Traffic Crashes - Leading Cause of Teen Deaths
Traffic crashes are the leading cause of death for Minnesota teens due to inexperience, risk-taking, distractions and poor seat belt compliance. In the last five years, 166 teen motorists (13-19) were killed and only 68 were buckled up. Of those 166 deaths, 65 teens killed were backseat passengers and only 27 were belted. In the last decade, 505 teen motorists teens were killed in Minnesota traffic crashes.
Important Role of Parents and Safe Teen Driving
The Dodge County Safe Roads Coalition is urging parents to talk to their teen about the dangers and consequences of underage drinking, and encourage them to always buckle up to keep them safe.

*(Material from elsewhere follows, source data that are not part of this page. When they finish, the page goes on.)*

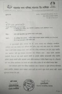 नांदगाव मुख्याधिकारी विवेक धांडे यांच्यावर कर्तव्यात कसूर केल्याप्रकरणी कारवाई करणे बाबत 2 ) स्थायी निर्देशक क्रमांक 39 नुसार न.प. च्या मालकी हक्काच्या 99 वर्षाच्या जागा धारकांनी नगरपरिषदेचा ठराव , कब्जा पावती , बांधकाम परवानगी, सिटी सर्वे ला नावे लावणी बाबतची संमती पत्र,न घेता बेकायदेशीर रित्या नावे नोंद केली असून. सदरील व्यक्तींवर फौजदारी गुन्हा दाखल करून व सदरील जागा न. प.ने जप्ती करून सदरील जागा धारकांनी बेकायदेशीर रित्या बांधकाम केले असून. त्वरित बांधकाम काढून त्या ठिकाणी भव्य कॉम्प्लेक्स उभारण्यात यावे. या संदर्भातील 3 ) सदरील न.प.ने. स्थायी निद्रेश 39 नुसार नोटीसा बजावुन 1 वर्षाचा कालावधी होऊनही अजूनही मुख्याधिकारी विवेक धांडे यांनी कायदेशीर कारवाई करीत नसून, धनधाडग्यांना पाठीशी घालत असुन त्यांच्यावर कुठल्याही प्रकारची कारवाई करत नसुन, 4 ) नांदगाव न.प.ही ( क ) वर्ग असून सदरील मुख्याधिकारी व 1 ते 51 जागा धारक न.प.चा कोटीचा महसूल बुडवित असुन, शासनाची यांची दप्तरी नोंद घेण्यात यावी. 5 ) सदरील 99 वर्षाच्या जागा धारकांनी शासनाची फसवणूक केले असून त्वरित फौजदारी गुन्हे दाखल करून अहवालची साक्षांकीत प्रते मिळेणे बाबत. 6 ) जिल्हा अधीक्षक भुमिअभिलेख कार्यालय नाशिक यांच्याकटे मुख्याधिकारी विवेक धांडे यांनी अपील करून एक वर्षाचा कालावधी उलटूनही सदरील अपिलावर कुठलेही सुनावणी होत नसून .मुख्याधिकारी विवेक धांडे हे भ्रष्टाचाराला पाठीशी घालत आहे व टाळाटाळ करीत आहे.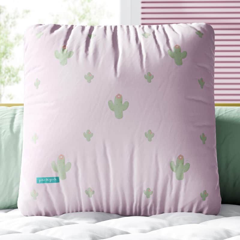 Almofada Quadrada Cactos em Flor Rosa 30cm da Grão de Gente: R$ 28,04 no PIX ou R$ 32,99 em até 12x sem juros. Frete grátis acima de R$499. Entrega rastreada com garantia de 7 dias para trocas.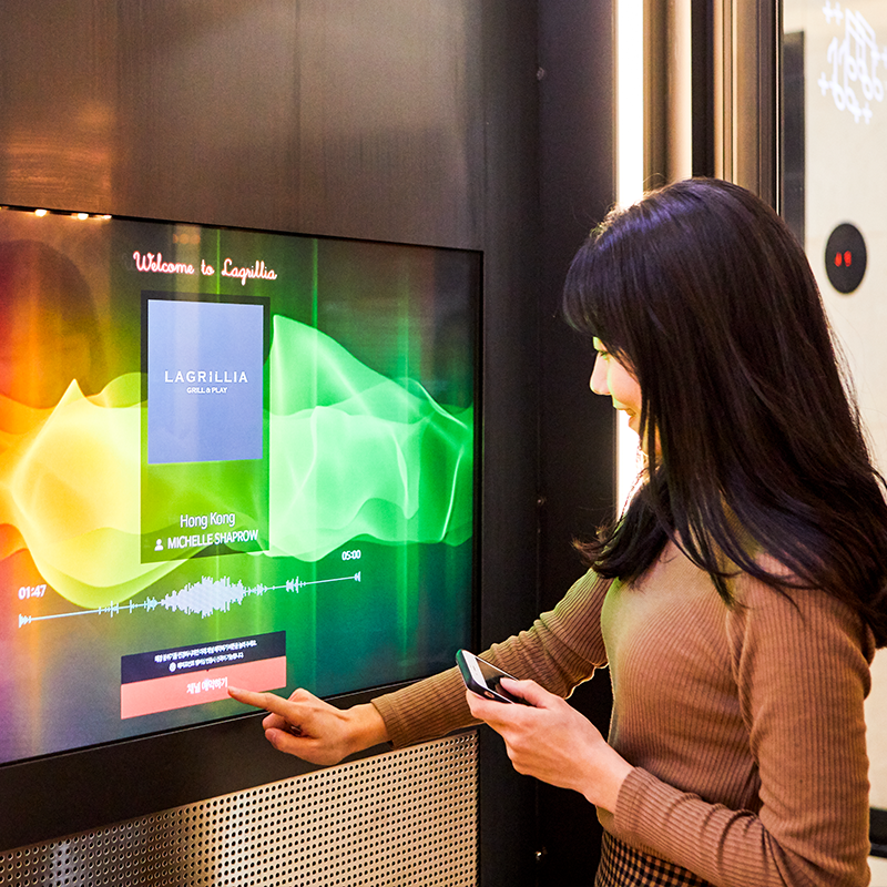 SPC플레이는 건물 외관에 상징적인 디자인 파사드를 설치하여, 고객들이 매장 밖에서부터 엔터테인먼트 요소를 느낄 수 있도록 하였습니다. 이 날 SPC플레이를 찾은 SPC삼립 이지민 사원, SPC해피봉사단 김순기 대리, 파리크라상 BF마케팅팀 박다솔 사원은 이곳에서만 즐길 수 있는 음식과 체험 거리들을 기대하며 한껏 들뜬 모습이었습니다. 곧 세 사람은 SPC플레이 3개 브랜드의 공간을 잇는 ‘시닉 인피니티 미러(scenic infinity mirror) 엘리베이터*’에 탑승했고, 가장 먼저 2층에 위치한 라그릴리아 그릴&플레이에 들어섰습니다.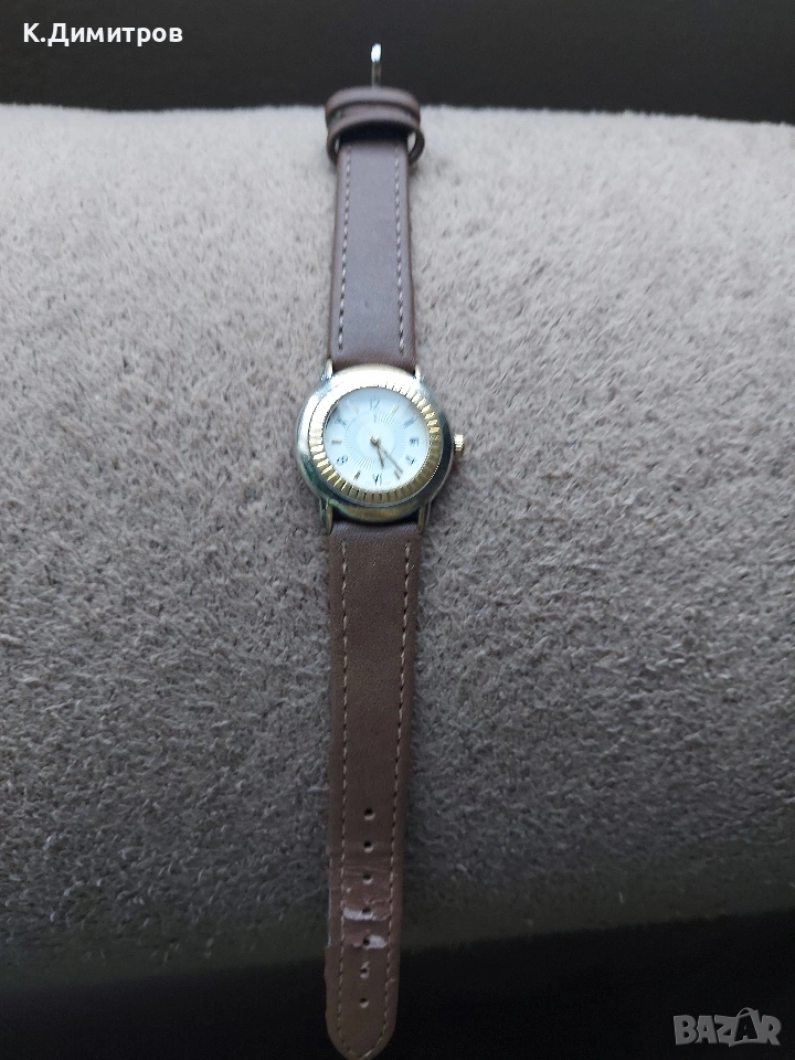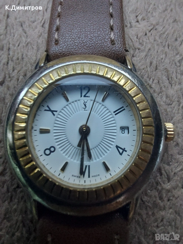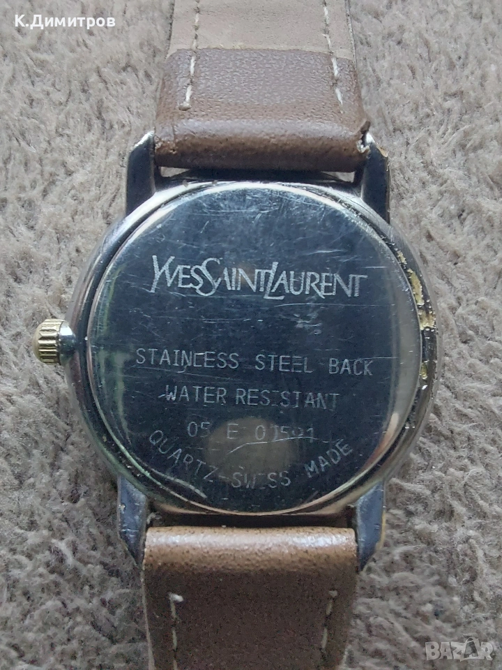 Оригинален Швейцарски часовник.Марка Yves Saint Laurent.Корпусът е от неръждаема стомана,а рамката е позлатена.Диаметър на корпуса 29мм.Произведен в края на 80-те години.

Superintendent Matuska says parents should also reinforce teen driving laws such as belt use, passenger limitations, night time driving, no cell phone use and no texting (including when stopped in traffic).
"It is so important that parents talk to their teen drivers and establish rules for the road," says Matuska, "Just because a teen has their license does not mean they are experienced, safe drivers. Parents must stay involved with a teen's driving just as they do with their grades, athletics and other activities."
Guide for Parents to Establish Safer Teen Drivers
Provide significant supervised driving training, and continue to do so even after licensure.
Train teen on a variety of road types (urban, rural) and in different conditions (night, rain, snow).
Talk with teen to reinforce laws and set limits (such as passenger limitations, nighttime driving) - and use a driving contract between parent and teen to set rules.
Encourage teen to speak up when they feel unsafe in a vehicle to stop unsafe driving behaviors.
A "teen license parent withdrawal form" is available for parents to cancel the driving privileges of their teen's driver's license (under age 18)
Find resources including a driver's skills checklist, a parent-teen contract, teen driver laws and the parent withdrawal form online at ots.dps.mn.gov, click on "Teen Driving," found under "Traffic Topics."
Parents, grandparents and other caregivers should also know: Where their teen is going; who they'll be with; and when they are expected to be home. Parents should also make themselves available to pick up their children at any time or location.